*** INPUT DATA Section Begins ***

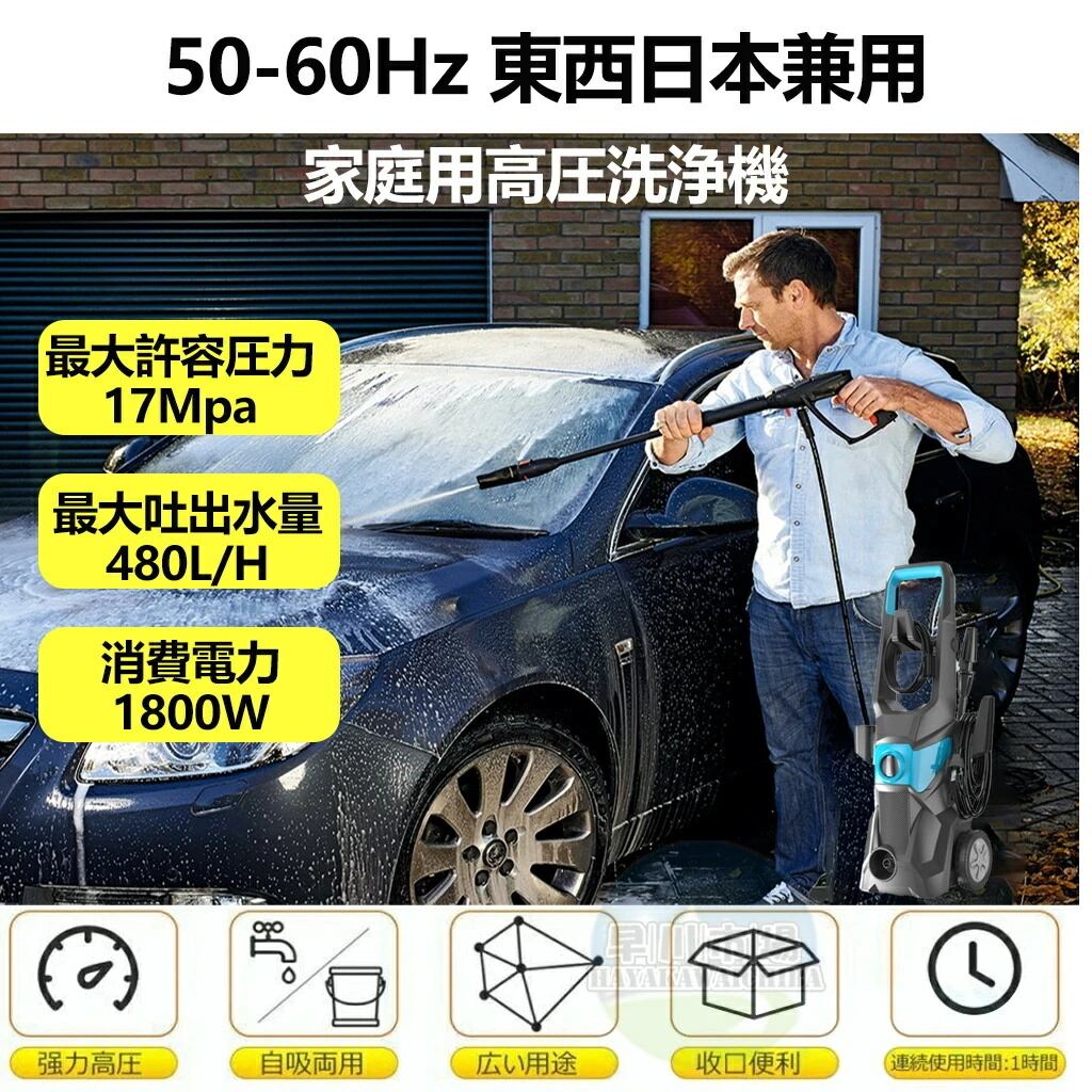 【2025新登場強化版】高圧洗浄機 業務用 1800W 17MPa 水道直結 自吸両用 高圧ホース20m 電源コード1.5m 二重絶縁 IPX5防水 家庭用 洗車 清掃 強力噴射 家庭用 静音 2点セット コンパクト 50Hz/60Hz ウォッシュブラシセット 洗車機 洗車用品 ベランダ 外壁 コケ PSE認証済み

*** INPUT DATA Section Ends ***
*** INPUT DATA Section Begins ***

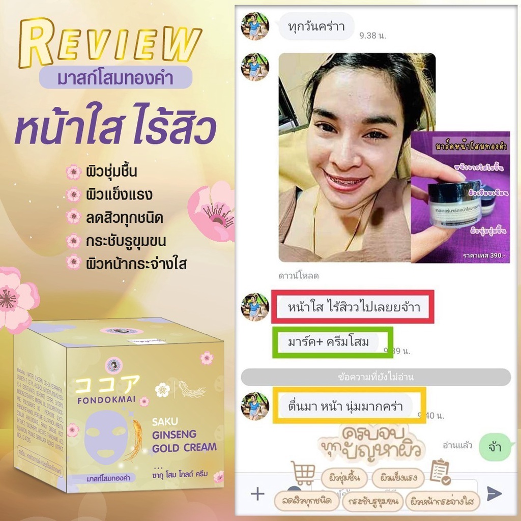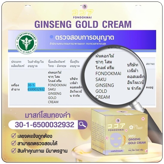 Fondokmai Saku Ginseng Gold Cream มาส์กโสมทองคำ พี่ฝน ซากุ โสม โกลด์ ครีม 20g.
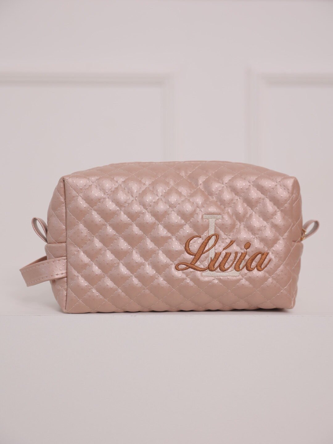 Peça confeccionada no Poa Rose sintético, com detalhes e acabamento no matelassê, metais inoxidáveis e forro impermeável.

*** INPUT DATA Section Ends ***
*** INPUT DATA Section Begins ***

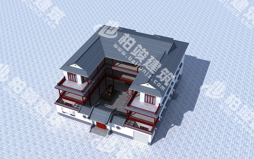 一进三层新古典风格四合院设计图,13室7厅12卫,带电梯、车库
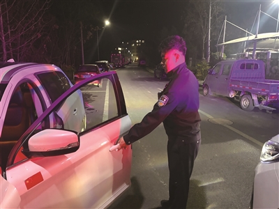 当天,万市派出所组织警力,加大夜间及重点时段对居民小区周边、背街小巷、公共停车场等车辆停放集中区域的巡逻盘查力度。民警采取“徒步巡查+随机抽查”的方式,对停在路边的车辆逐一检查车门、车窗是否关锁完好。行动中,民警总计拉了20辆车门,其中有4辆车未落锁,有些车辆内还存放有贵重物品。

*** INPUT DATA Section Ends ***

ACTIVITY
Could you transcribe exactly the entries above, but only the lines from the one with "Fondokmai Saku Ginseng" through the one with "Peça confeccionada no", and without pictures?

RESULT
 Fondokmai Saku Ginseng Gold Cream มาส์กโสมทองคำ พี่ฝน ซากุ โสม โกลด์ ครีม 20g.
 Peça confeccionada no Poa Rose sintético, com detalhes e acabamento no matelassê, metais inoxidáveis e forro impermeável.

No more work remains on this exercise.